(SUPPLIED MATERIAL)

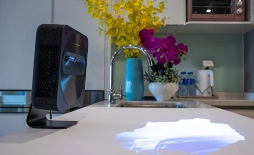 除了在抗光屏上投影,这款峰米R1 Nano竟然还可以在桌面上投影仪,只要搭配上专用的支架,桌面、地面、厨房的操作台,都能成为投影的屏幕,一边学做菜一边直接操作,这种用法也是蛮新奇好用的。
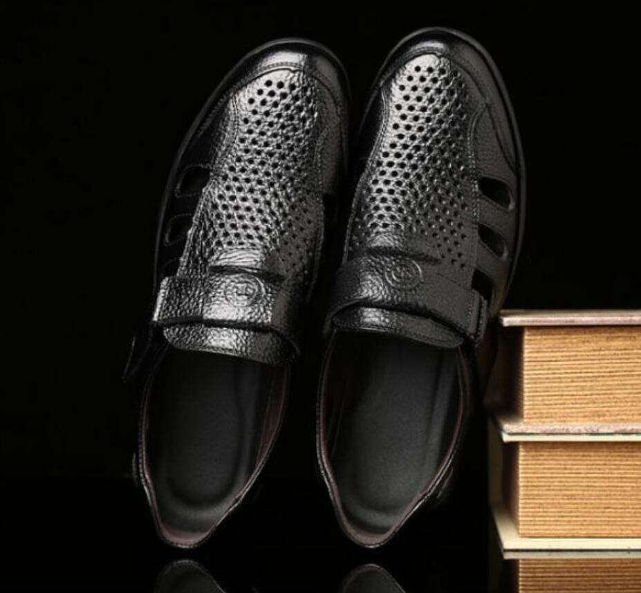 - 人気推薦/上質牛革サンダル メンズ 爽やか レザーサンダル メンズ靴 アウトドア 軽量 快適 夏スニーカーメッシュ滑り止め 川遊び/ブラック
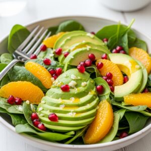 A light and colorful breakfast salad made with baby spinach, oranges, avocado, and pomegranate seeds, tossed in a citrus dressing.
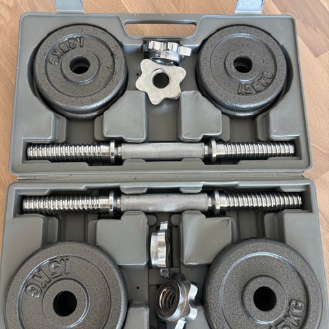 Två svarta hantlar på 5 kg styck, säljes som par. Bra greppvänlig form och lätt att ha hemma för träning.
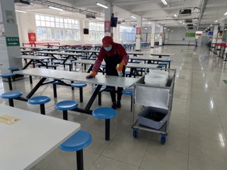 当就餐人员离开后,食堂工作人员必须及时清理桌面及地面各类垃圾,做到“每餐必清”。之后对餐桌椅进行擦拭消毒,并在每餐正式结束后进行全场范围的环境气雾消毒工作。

(End SUPPLIED MATERIAL)
(SUPPLIED MATERIAL)

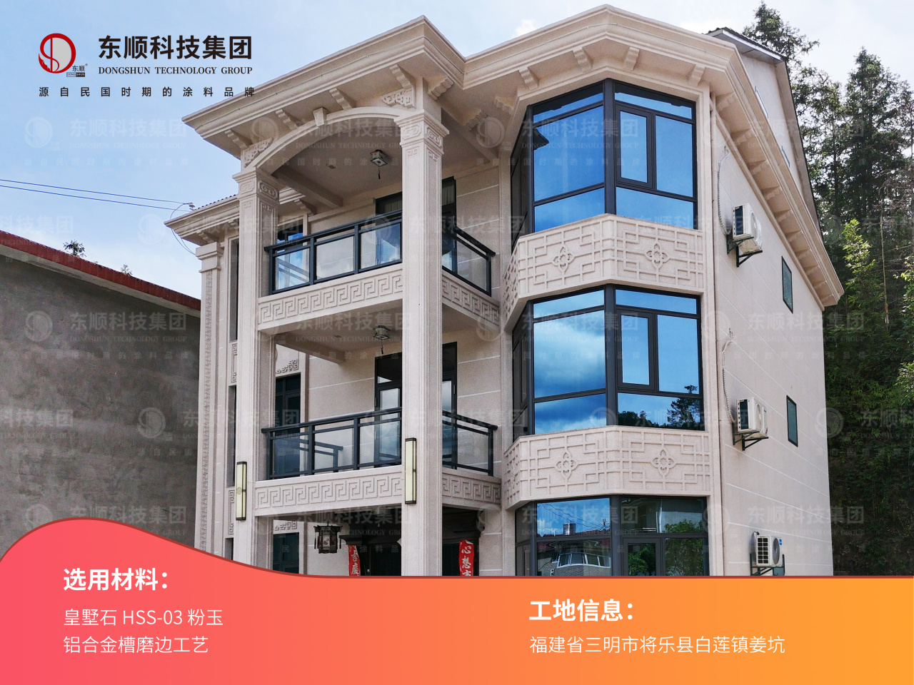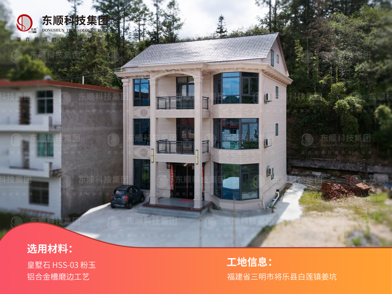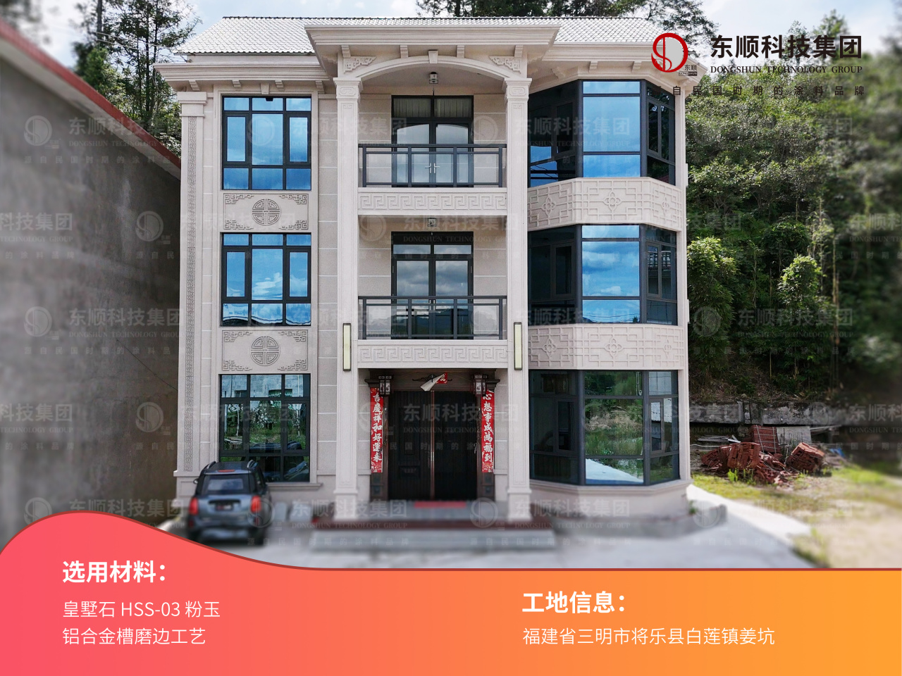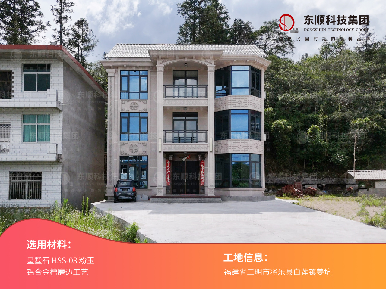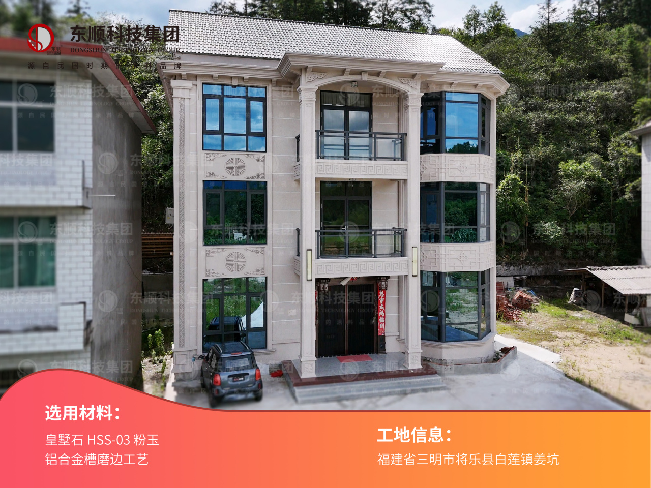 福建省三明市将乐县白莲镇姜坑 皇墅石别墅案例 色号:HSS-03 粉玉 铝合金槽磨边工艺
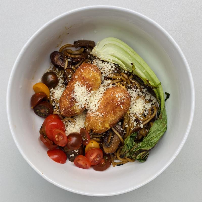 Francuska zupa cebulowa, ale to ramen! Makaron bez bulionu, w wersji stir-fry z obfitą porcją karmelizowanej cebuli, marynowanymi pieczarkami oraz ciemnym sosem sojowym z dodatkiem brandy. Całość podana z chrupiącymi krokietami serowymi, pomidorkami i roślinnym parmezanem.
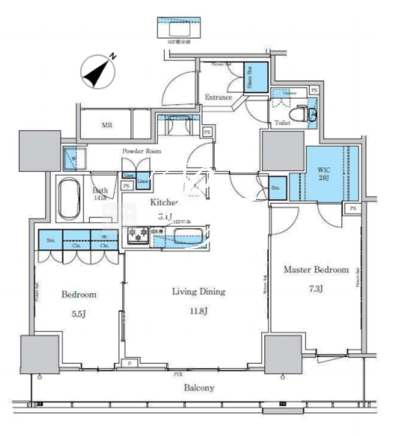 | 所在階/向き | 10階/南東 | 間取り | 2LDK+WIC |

(End SUPPLIED MATERIAL)
(SUPPLIED MATERIAL)

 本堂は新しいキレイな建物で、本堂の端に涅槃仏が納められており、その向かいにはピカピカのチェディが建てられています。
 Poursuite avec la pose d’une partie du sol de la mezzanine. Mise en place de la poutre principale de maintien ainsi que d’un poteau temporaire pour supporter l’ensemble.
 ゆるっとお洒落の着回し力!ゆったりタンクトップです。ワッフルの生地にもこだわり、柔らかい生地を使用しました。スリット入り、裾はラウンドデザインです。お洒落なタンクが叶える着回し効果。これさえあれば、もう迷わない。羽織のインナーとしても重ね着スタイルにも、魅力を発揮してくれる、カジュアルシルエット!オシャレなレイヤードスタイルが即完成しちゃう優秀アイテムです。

(End SUPPLIED MATERIAL)

## PROBLEM TO WORK ON
Only one stretch of the entries above is needed: the lines from the one containing "A light and" through the one containing "当就餐人员离开后,食堂工作人". Copy it exactly, without the pictures.

## SOLUTION FOR THIS TASK
 A light and colorful breakfast salad made with baby spinach, oranges, avocado, and pomegranate seeds, tossed in a citrus dressing.
 Två svarta hantlar på 5 kg styck, säljes som par. Bra greppvänlig form och lätt att ha hemma för träning.
 当就餐人员离开后,食堂工作人员必须及时清理桌面及地面各类垃圾,做到“每餐必清”。之后对餐桌椅进行擦拭消毒,并在每餐正式结束后进行全场范围的环境气雾消毒工作。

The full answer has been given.